Objective: Cynarin is a derivative of hydroxycinnamic acid presented in various medicinal plants, such as Cynara scolymus L. and Onopordum illyricum L. To date, the antioxidant and antihypertensive activities of cynarin have been reported. However, whether cynarin has a therapeutic impact on ulcerative colitis (UC) is unclear. Therefore, the aim of this study was to explore the potential effect of cynarin on dextran sulfate sodium (DSS)-induced acute colitis in vivo and on lipopolysaccharide (LPS)/interferon-γ (IFN-γ)-induced RAW264.7 and J774A.1 cellular inflammation model in vitro.

Methods and results: In this study, we investigated that cynarin alleviated clinical symptoms in animal models, including disease activity index (DAI) and histological damage.
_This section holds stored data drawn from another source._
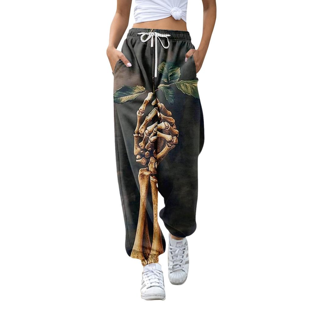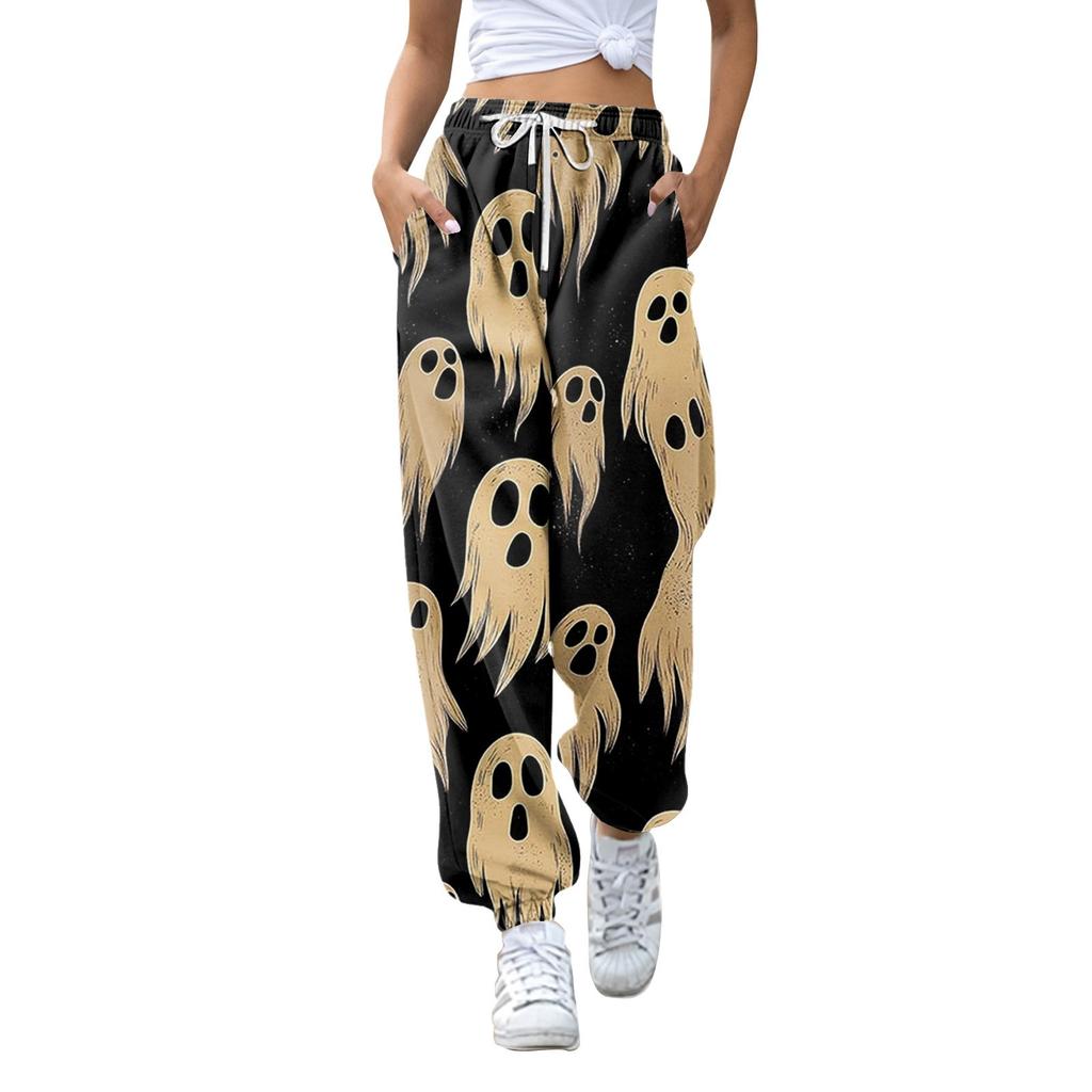 Женские модные Хэллоуин свободные спортивные брюки повседневного стиля однотонные с кулиской на талии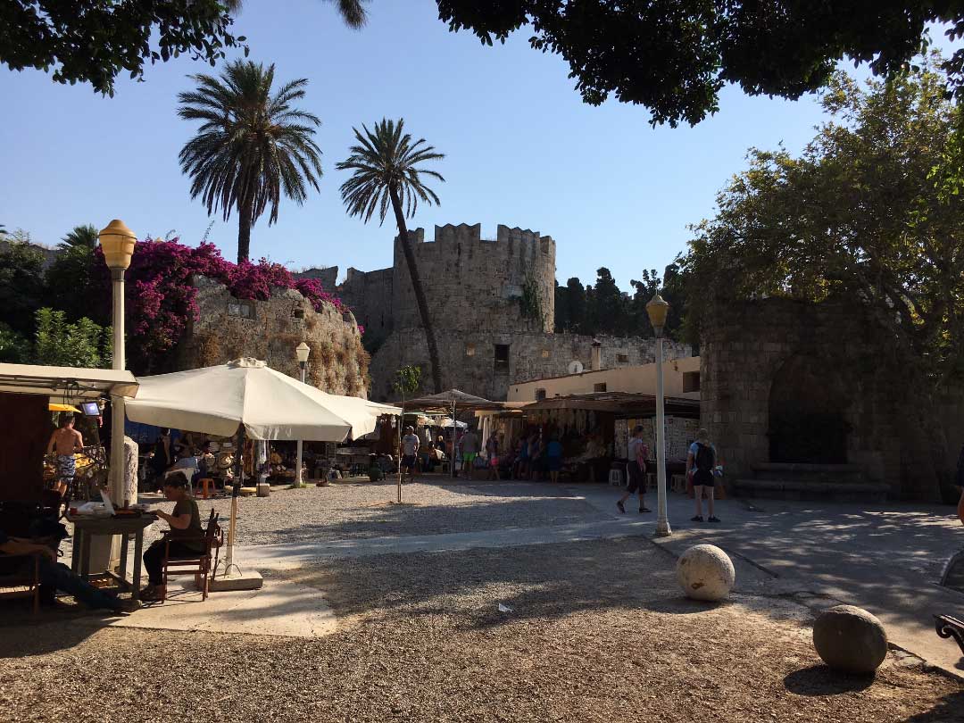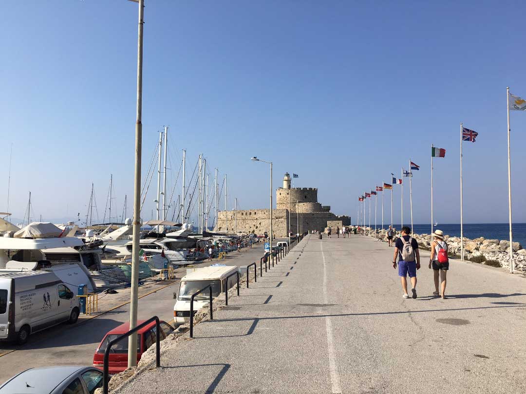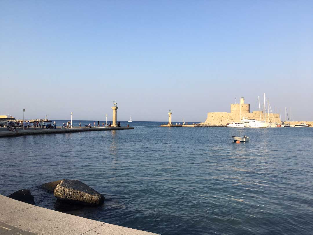 Pirmoji diena. Apie 19:30 nusileidžiame į Rodo oro uostą, kuris randasi “Paradeisi” miestelyje – apie 15 km nuo rodo miesto. Čia mūsų pasų niekas netikrina. Išėję iš oro uosto ieškome autobuso į Rodą. Šalia išėjimo stovi tik taxi ir “transfer” tipo autobusai, todėl nuėjau paklausti, kur rasti visuomeninį transportą. Paeiname šiek tiek tolėliau, palei oro uosto pastatą ir matome atvažiuojanti palūžusį autobusą. Užeinu paklaust, kur autobusas į Rodą, pasirodo, šis autobusas ir važiuos į rodą. Taigi mes pirmieji keleiviai. Dviese susimokam ~5.40€ ir už poros minučių išvažiuojam. Šiek tiek keista, nes visam autobuse tik 3 žmones įskaitant ir mus. Nors mums reikia važiuoti tik 15 km, tačiau kelionė truko apie 40min, nes autobusas stojo visose stotelėse. Pasiekėme Rodą, išlipus pasiteirauju, kaip mums nuvykti į Faliraki miestelį, kuriame mes ir planuojame apsistoti. Čia pat nusiperkame bilietus ~4.80€ ir lipame į kitą autobusą. Šis jau atrodo, kaip tarpmiestinis, netrukus ir pajudame. Faliraki miestelį pasirinkome todėl , kad jis pietinėje salos pusėje, kur daugiausiai smėlėtų paplūdimių. Ir vėl, po 40min, mes jau atvykome. Taigi beliko nukeliauti iki užsakytų apartamentų. Savo naujuosius namus užsisakėme per airbnb, – studijos tipo apartamentai. Prie durų mūsų niekas nelaukia, todėl paskambinu savininkui ir už poros minučių pasirodo senyvo amžiaus pora, kuri aprodo mūsų namus. Kad nenutrokštume, jie mums nupirko vandens, limonado ir vaisių. Žmonės senyvi, bet labai malonūs. Išsipakuojame daiktus ir keliaujame pavalgyti. Tačiau prieš tai dar užsukame į kokteilių barą. Du kokteiliai už vieno kainą. Atrodo neblogai, tik 6eur ir gauni du kokteilius. Aišku skonis nėra tobulas. Naudojamas alkoholis pats pigiausias, o sultys irgi pigios iš tetrapakų. Suvalgom po kebabą ir keliaujam namo. Kelionė padarė savo – jaučiasi nuovargis ir mintyse tik lova…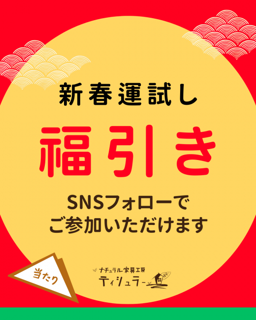 🌸新春運試し福引き*SNSフォローでご参加いただけます※福引きの景品がなくなり次第終了いたします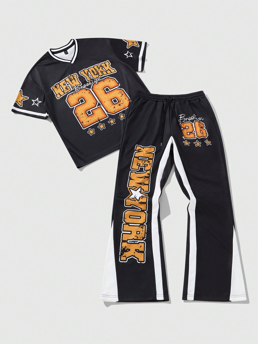 Street Life 2pcs Men's Brand Sports Letter Print Short Sleeve Football Jersey Style T-Shirt And Drawstring Long Pants Set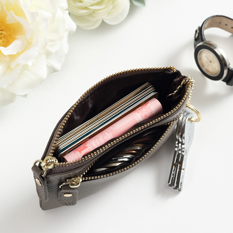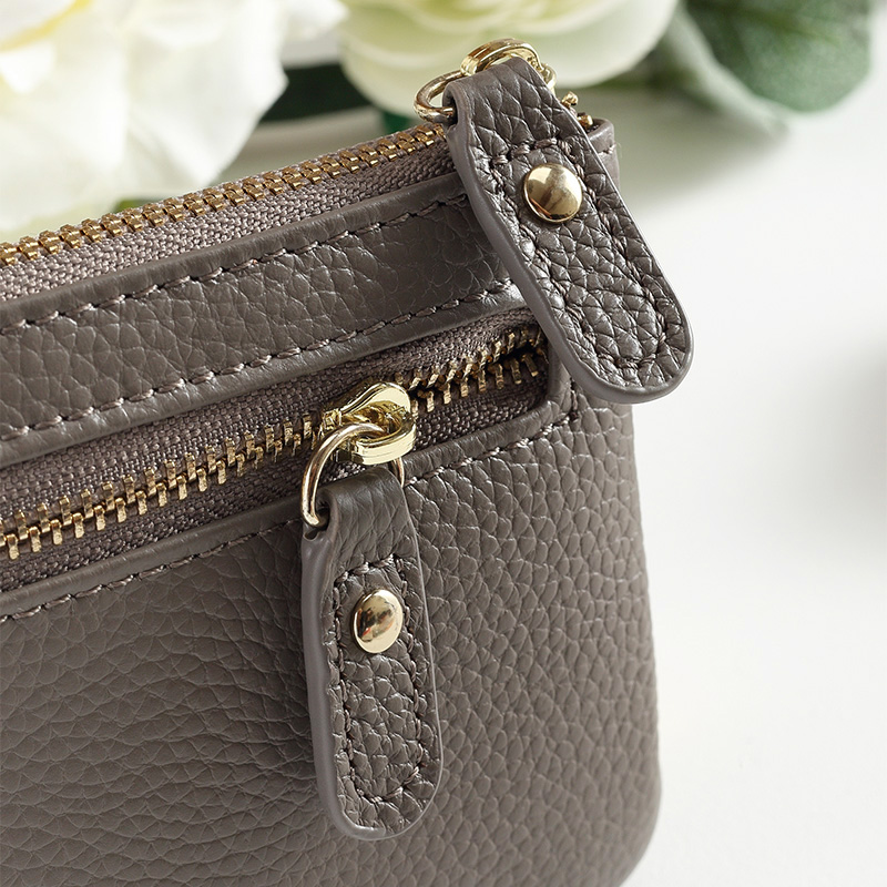 Genuine Leather Zero Wallet Woman Mini Calf Leather Hand Grab Key Bag New Coin Bag Small double zipped small wallet-Taobao

Furthermore, cynarin can attenuate colon inflammation through decreasing the proportion of neutrophils in peripheral blood, reducing the infiltration of neutrophils, and macrophages in colon tissue, inhibiting the release of pro-inflammatory cytokines and suppressing the expression of STAT3 and p65. In cellular inflammation models, cynarin inhibited the expression of M1 macrophage markers, such as TNF-α, IL-1β, and iNOS. Besides, cynarin suppressed the expression of STAT3 and p65 as well as the phosphorylation of STAT3, p65. Cynarin inhibited the polarization of RAW264.7 and J774A.1 cells toward M1 and alleviated LPS/IFN-γ-induced cellular inflammation.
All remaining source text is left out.